Even if we take Keller’s complaint at face value, that Twitter is a degraded form of interaction, a lesser third space—and from my years of barhopping and coffee-shop eavesdropping I don’t think it is, but I’ll allow it—it’s as much a symptom as a cause. As writers like Robert Putnam has observed, post-World War II America has experienced a decline in social capital, and not all for bad reasons; Putnam attributes it part to equality in the workplace and physical mobility. The third space has been scoured into a vacuum; Twitter, in some respects, fills it.

Among the causes Putnam cites is "the technological transformation of leisure": "In the language of economics, electronic technology enables individual tastes to be satisfied more fully, but at the cost of the positive social externalities associated with more primitive forms of entertainment." Twitter isn’t the first technology to re-graft "positive social externalities" back onto new media, like attaching a robotic prosthesis onto a stump, a but it’s a powerful and effective one.

It’s powerful because it’s evolved to be primitive. It’s more open, being largely unreliant on cryptic netspeak—it’s conversational, almost literally. It’s more personal and less anonymous, as users have largely chosen to use their own names, professional identifications, and sometimes their pictures. As a third place, it’s only slightly more virtual than its ancestors, and much less than its immediate predecessors. At its best, it exemplifies what Oldenberg describes as the character of the third place:

The character of a third place is determined most of all by its regular clientele and is marked by a playful mood, which contrasts with people’s more serious involvement in other spheres. Though a radically different kind of setting for a home, the third place is remarkably similar to a good home in the psychological comfort and support that it extends.
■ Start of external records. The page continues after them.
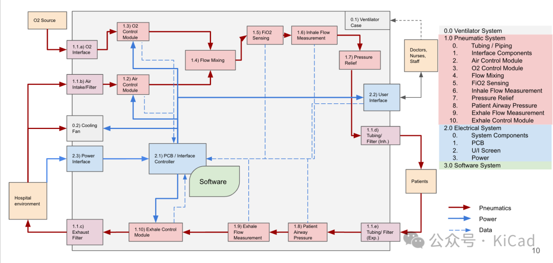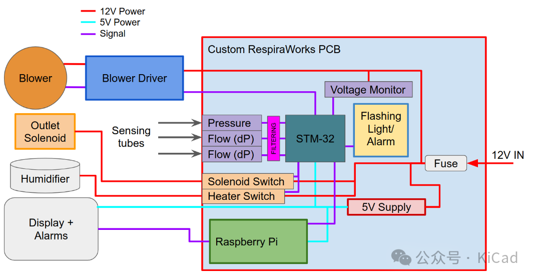 RespiraWorks 呼吸机有四个主要子系统,其接口紧密相连: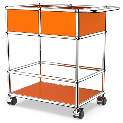 USM Haller chariot à boissons à étages avec compartiments, Orange pur RAL 2004, Souples pour sols durs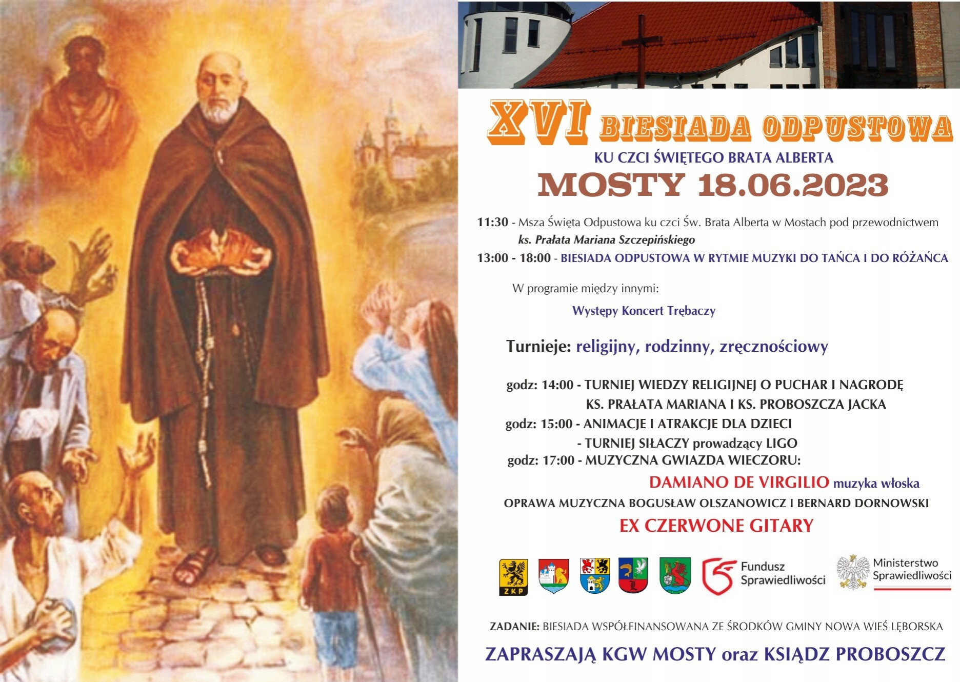 Proboszcz Parafii pw. św. Brata Alberta Chmielowskiego w Mostach i Koło Gospodyń Wiejskich Mosty zapraszają na biesiadę odpustową ku czci świętego Brata Alberta, 18 czerwca (niedziela).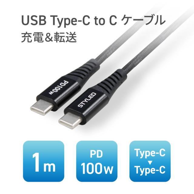 【メール便送料無料】USB Type-C ケーブル PD100W CtoC タイプC USB2.0 高耐久 メッシュケーブル Android 充電 急速充電 ノートPC MacBook 1m STYLED JCPD100BK-1M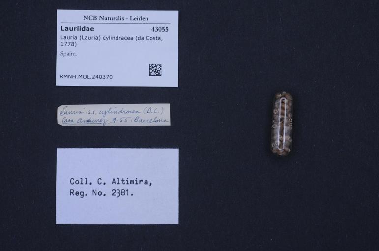 | Keywords: Naturalis Biodiversity Center - RMNH.MOL.240370 - Lauria (Lauria) cylindracea (Da Costa, 1778) - Lauriidae - Mollusc shell.jpeg artwork Dimensions artwork Document type Lauriidae Lauria Individual count Infraspecific epithet Infraspecific rank Institution Naturalis Kind of unit artwork Kind of unit specimen shell Life stage Spain Medium artwork Nomenclatural code Source institute Rijksmuseum van Natuurlijke Historie Leiden Scale the width of the text on the species/QR-code label is 38 mm Occurrence ID page Other fields Other versions artwork Permission license Naturalis donation CC-0 Mollusca Publication location Scientific name Lauria Lauria cylindracea Da Costa 1778 Scientific name authorship Da Costa 1778 Source url http //bioportal naturalis nl Specific epithet cylindracea State or province Subject keywords artwork Subject keywords publication Title artwork Title publication Type status Uploaded with GWToolset Naturalis_Biodiversity_Center_-_RMNH MOL 240370_-_Lauria_ Lauria _cylindracea_ Da_Costa _1778 _-_Lauriidae_-_Mollusc_shell http //medialib naturalis nl/file/id/RMNH MOL 240370/format/large Molluscs at Naturalis from the Rijksmuseum van Natuurlijke Historie Media donated by Naturalis Biodiversity Center Lauria cylindracea Lauria |

Keller’s essay is distinguished by its lack of a playful mood. It’s dripping with ugly condescension for his perceived lessers ("aging academics who stoke their charisma by overpraising every novelty"), and based around on what Keller calls a "masochistic experiment," i.e. what those of us on the Internet call "trolling," the most basic of virtual social offenses… which Keller compounds by complaining that he was trolled right back.

In criticizing a medium for its lack of nuance, Keller displays none of his own; his critique is broad and shallow, his limited praise of the medium elementary. It’s clear, despite the medium at his disposal, he’s made little effort to understand it, only to sharpen his barbs against it.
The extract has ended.